▸ DIRECTIONS
Using the listing below, please print exactly the lines from the one with "14人の9月生まれのお友だち" through the one with "Clarins Super Restorative". Leave out every picture.

▸ SOURCE INFORMATION
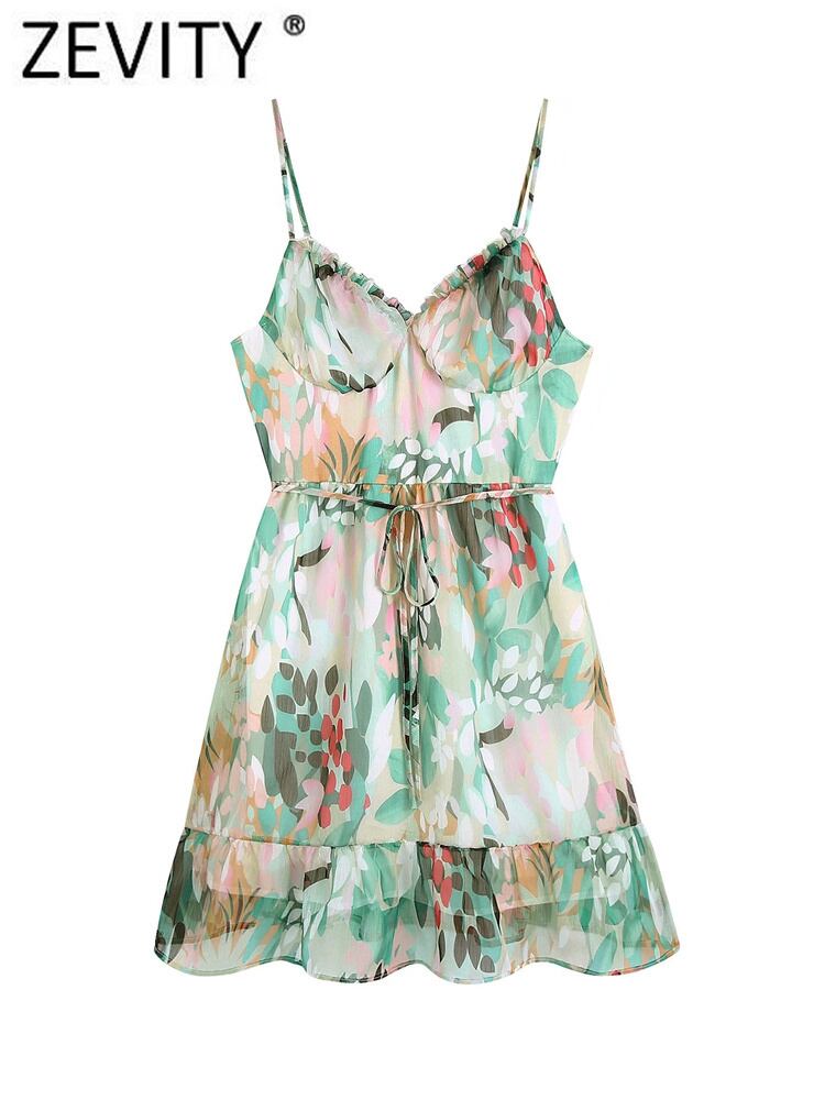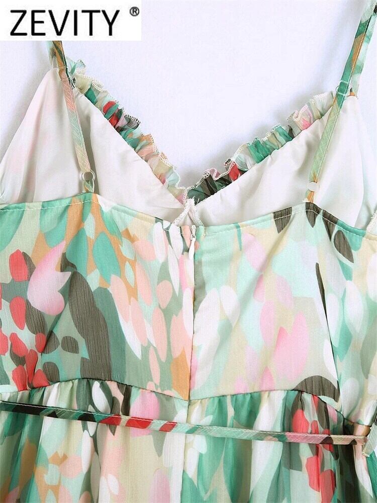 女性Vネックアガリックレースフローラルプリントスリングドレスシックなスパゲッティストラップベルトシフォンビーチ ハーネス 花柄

* * *

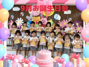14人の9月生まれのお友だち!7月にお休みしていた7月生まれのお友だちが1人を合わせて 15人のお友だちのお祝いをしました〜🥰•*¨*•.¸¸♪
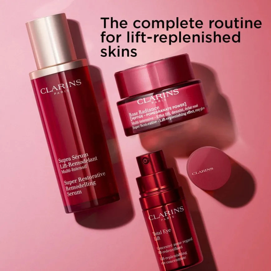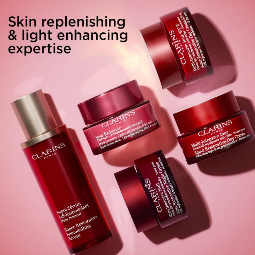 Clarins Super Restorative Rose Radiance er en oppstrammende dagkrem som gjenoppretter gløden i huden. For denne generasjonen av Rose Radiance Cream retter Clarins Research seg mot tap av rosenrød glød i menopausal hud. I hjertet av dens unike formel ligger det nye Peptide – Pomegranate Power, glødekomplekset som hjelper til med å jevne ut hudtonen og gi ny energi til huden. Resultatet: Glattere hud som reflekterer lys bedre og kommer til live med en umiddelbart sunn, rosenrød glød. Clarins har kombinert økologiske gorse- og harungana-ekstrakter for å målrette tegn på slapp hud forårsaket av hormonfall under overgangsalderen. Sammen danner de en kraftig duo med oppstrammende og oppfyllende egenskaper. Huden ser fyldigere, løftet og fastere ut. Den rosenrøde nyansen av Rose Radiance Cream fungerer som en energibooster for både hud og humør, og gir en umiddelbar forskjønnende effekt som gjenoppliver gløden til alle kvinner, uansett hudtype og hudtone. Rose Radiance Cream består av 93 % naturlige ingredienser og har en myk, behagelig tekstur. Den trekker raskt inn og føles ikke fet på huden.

▸ ANSWER SPACE
14人の9月生まれのお友だち!7月にお休みしていた7月生まれのお友だちが1人を合わせて 15人のお友だちのお祝いをしました〜🥰•*¨*•.¸¸♪
 Clarins Super Restorative Rose Radiance er en oppstrammende dagkrem som gjenoppretter gløden i huden. For denne generasjonen av Rose Radiance Cream retter Clarins Research seg mot tap av rosenrød glød i menopausal hud. I hjertet av dens unike formel ligger det nye Peptide – Pomegranate Power, glødekomplekset som hjelper til med å jevne ut hudtonen og gi ny energi til huden. Resultatet: Glattere hud som reflekterer lys bedre og kommer til live med en umiddelbart sunn, rosenrød glød. Clarins har kombinert økologiske gorse- og harungana-ekstrakter for å målrette tegn på slapp hud forårsaket av hormonfall under overgangsalderen. Sammen danner de en kraftig duo med oppstrammende og oppfyllende egenskaper. Huden ser fyldigere, løftet og fastere ut. Den rosenrøde nyansen av Rose Radiance Cream fungerer som en energibooster for både hud og humør, og gir en umiddelbar forskjønnende effekt som gjenoppliver gløden til alle kvinner, uansett hudtype og hudtone. Rose Radiance Cream består av 93 % naturlige ingredienser og har en myk, behagelig tekstur. Den trekker raskt inn og føles ikke fet på huden.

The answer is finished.